In HCO Bull. of the 15th June AD 10 (1960) Hubbard writes, "We are having Dickson investigated for Anti-social background, and if it ever comes to a court case, we'll ruin him." Dr. Dickson was and is the medical secretary of the Victorian Branch of the Australian (formerly British) Medical Association. A press statement concerning scientology attributed to Dr. Dickson had sprung, so Hubbard said, "From an effort by medical doctors to monopolize all healing to their own profit." Later evidence showed that the "investigation" of Dr. Dickson unearthed nothing.

In Com. Mag. Vol. 4, No. 10, October, 1962, Hubbard writes:

"The treatment of the insane today is far worse than it was two centuries ago and the brutality practised under the name of 'mental healing' cannot be regarded with equanimity by any civilized man.

We discover psycho-analysis to have been superseded by tyrannous sadism practised by unprincipled men themselves evidently in the last stages of dementia. This then is the end of the trail for psycho-analysis--a world of failure and brutality. Today men who call themselves analysts are merrily sawing out patient's brains, shocking them with murderous dlllg~, striking them with high voltages, burying them underneath mounds of ice, placing them in restraints, sterilizing them sexually, and generally conducting themselves much as their patients would were they given the chance."

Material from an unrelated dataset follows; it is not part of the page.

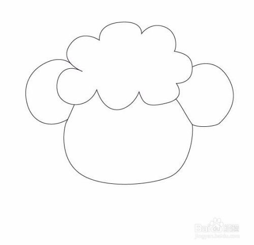 在小羊毛发的下面画出小羊的面部轮廓,如图所示:

In HCO Bull. of the 5th May, 1959, Hubbard writes that we have seen several practices which are
"not now classifiable as anything better than betrayal. Psychiatry and medicine are both good examples of this. The person who goes to a psychiatrist usually finds himself betrayed. He does not receive help, he receives brutality in the form of electric shocks, brain surgery and other degrading experiences. Even in the highest form of psychiatry it was common advice for the psychiatrist to tell the wife that the best cure for her troubles was to betray her husband, and vice versa."
The frequency and the intensity with which he vilifies psychiatrists and their work are the more serious because of the effect upon preclears, many of whom, when most needing psychiatric attention, are terrified at the thought of going to a doctor. This is one of the most wicked sides of scientology, for having made a massive onslaught on the person's mental integrity by its pernicious practices, it then effectively prevents him from seeking assistance from a source likely to cure or ameliorate his condition. Many scientologists stated in evidence that they would prefer to go to a scientologist rather than to a doctor for the treatment of almost all conditions and they echoed Hubbard's hostility to the medical profession. The scientology viewpoint is that the medical profession is a great conspiracy, and that, especially in relation to mental health, "medical doctors and psychiatrists" are to be avoided.

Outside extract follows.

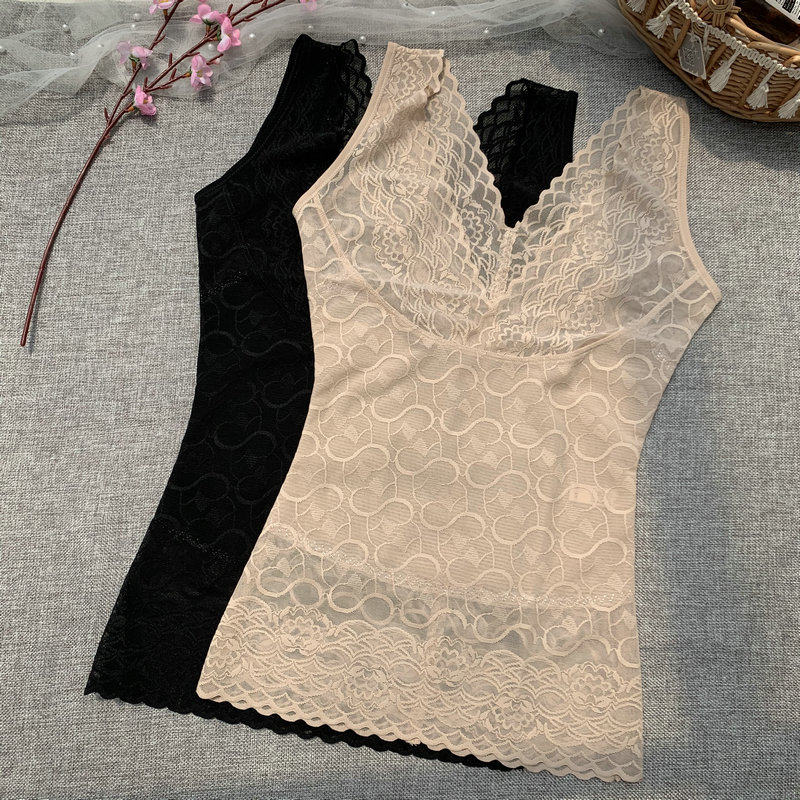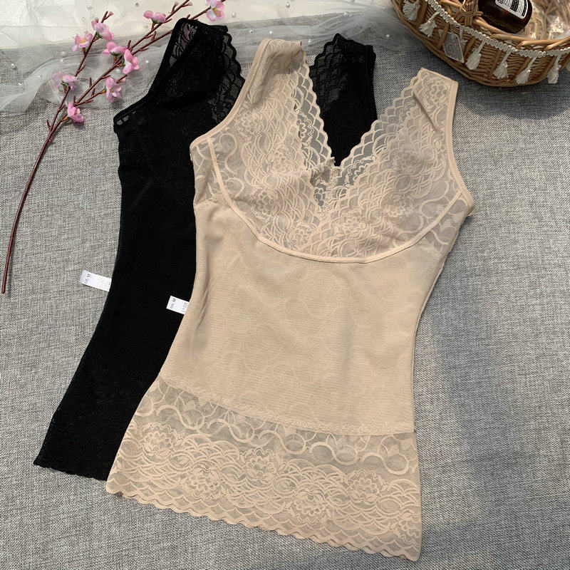 2022 spring and summer shape-jacket V collar Sexy bundle waist collection lace splicing beauty body thin and bottom vest woman with no marks

A tragic and yet typical example of the dangerous way in which these fulminations against the medical profession take effect was dramatically illustrated in the case of one ardent but non-conforming scientologist who was excommunicated by Hubbard from scientology. Thereafter he suffered great mental tortures for a year and more, "with crocodiles chasing him around the streets of Brisbane", because, though he was desperately in need of psychiatric attention, he was yet unable to bring himself to seek it because of the deeply ingrained belief that psychiatry was, in Hubbard's words, "barbarity practised under the name of mental healing" and that the medical profession was concerned only to torture and debase.